* _INFORMATION SHOWN_:
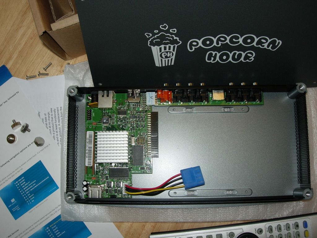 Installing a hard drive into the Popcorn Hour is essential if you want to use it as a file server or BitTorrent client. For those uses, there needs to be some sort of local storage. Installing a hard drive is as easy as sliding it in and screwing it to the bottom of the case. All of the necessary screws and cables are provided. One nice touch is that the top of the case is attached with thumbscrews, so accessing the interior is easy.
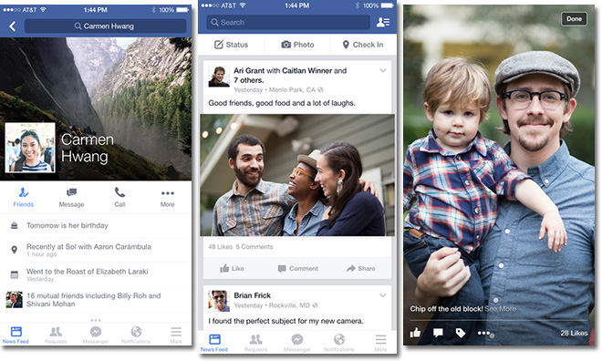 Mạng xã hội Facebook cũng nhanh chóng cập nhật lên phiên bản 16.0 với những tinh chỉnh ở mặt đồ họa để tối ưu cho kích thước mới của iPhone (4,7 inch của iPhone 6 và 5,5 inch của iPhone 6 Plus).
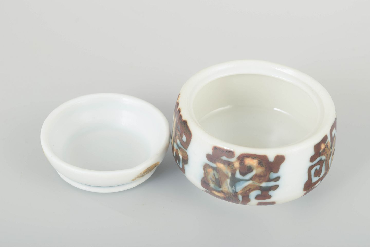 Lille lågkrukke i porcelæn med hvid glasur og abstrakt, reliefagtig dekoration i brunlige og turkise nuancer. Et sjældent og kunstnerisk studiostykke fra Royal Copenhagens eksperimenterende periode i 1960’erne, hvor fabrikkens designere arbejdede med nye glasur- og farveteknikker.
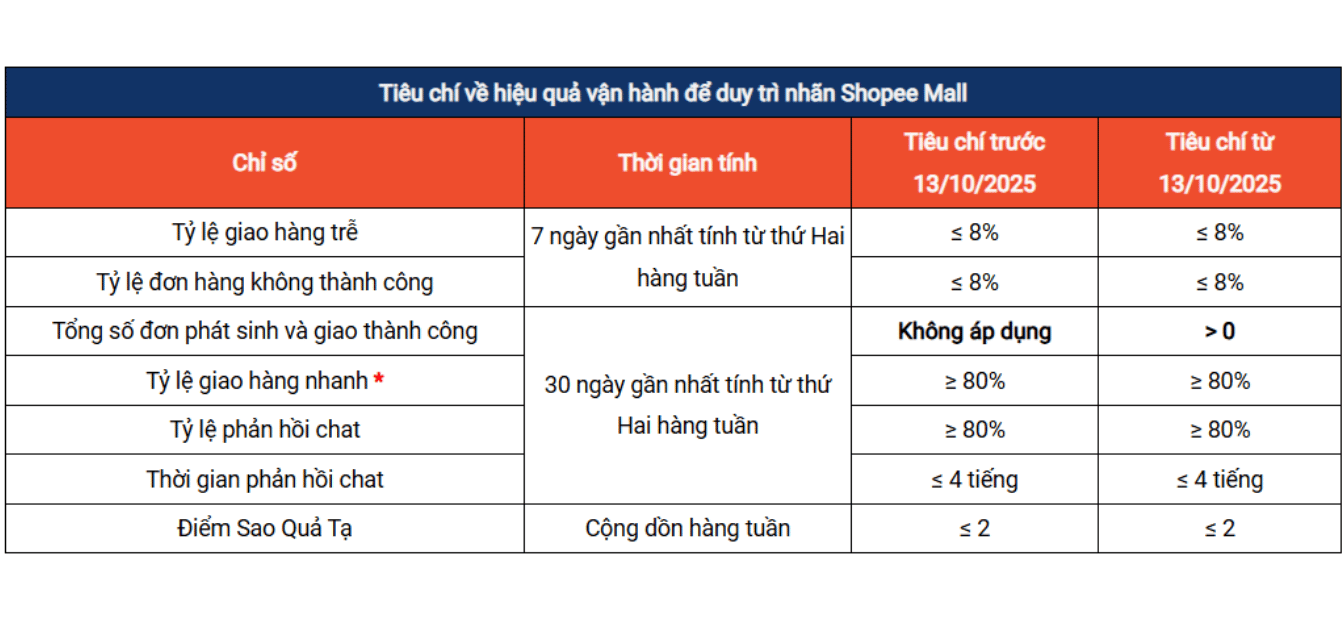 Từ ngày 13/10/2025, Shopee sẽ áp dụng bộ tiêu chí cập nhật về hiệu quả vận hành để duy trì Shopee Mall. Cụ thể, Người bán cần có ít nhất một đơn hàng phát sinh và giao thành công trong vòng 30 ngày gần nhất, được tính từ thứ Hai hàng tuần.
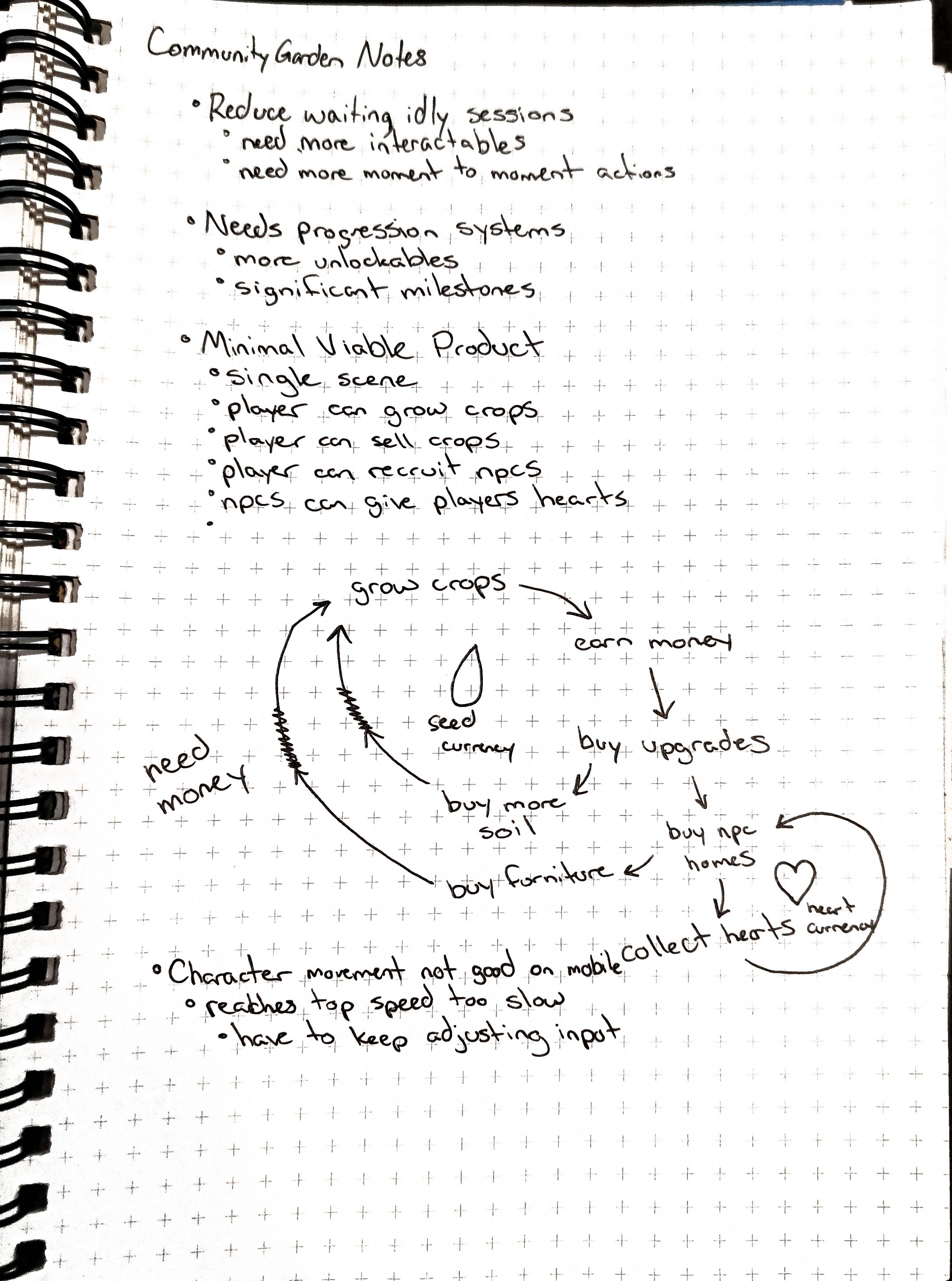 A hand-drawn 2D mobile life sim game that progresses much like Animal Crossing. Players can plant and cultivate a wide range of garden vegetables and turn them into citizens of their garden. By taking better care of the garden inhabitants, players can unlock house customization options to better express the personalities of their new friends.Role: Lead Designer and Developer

* _EXERCISE OBJECTIVE_:
Reproduce the records in full, exactly as they appear, and show none of the pictures.

* _SOLUTION_:
 Installing a hard drive into the Popcorn Hour is essential if you want to use it as a file server or BitTorrent client. For those uses, there needs to be some sort of local storage. Installing a hard drive is as easy as sliding it in and screwing it to the bottom of the case. All of the necessary screws and cables are provided. One nice touch is that the top of the case is attached with thumbscrews, so accessing the interior is easy.
 Mạng xã hội Facebook cũng nhanh chóng cập nhật lên phiên bản 16.0 với những tinh chỉnh ở mặt đồ họa để tối ưu cho kích thước mới của iPhone (4,7 inch của iPhone 6 và 5,5 inch của iPhone 6 Plus).
 Lille lågkrukke i porcelæn med hvid glasur og abstrakt, reliefagtig dekoration i brunlige og turkise nuancer. Et sjældent og kunstnerisk studiostykke fra Royal Copenhagens eksperimenterende periode i 1960’erne, hvor fabrikkens designere arbejdede med nye glasur- og farveteknikker.
 Từ ngày 13/10/2025, Shopee sẽ áp dụng bộ tiêu chí cập nhật về hiệu quả vận hành để duy trì Shopee Mall. Cụ thể, Người bán cần có ít nhất một đơn hàng phát sinh và giao thành công trong vòng 30 ngày gần nhất, được tính từ thứ Hai hàng tuần.
 A hand-drawn 2D mobile life sim game that progresses much like Animal Crossing. Players can plant and cultivate a wide range of garden vegetables and turn them into citizens of their garden. By taking better care of the garden inhabitants, players can unlock house customization options to better express the personalities of their new friends.Role: Lead Designer and Developer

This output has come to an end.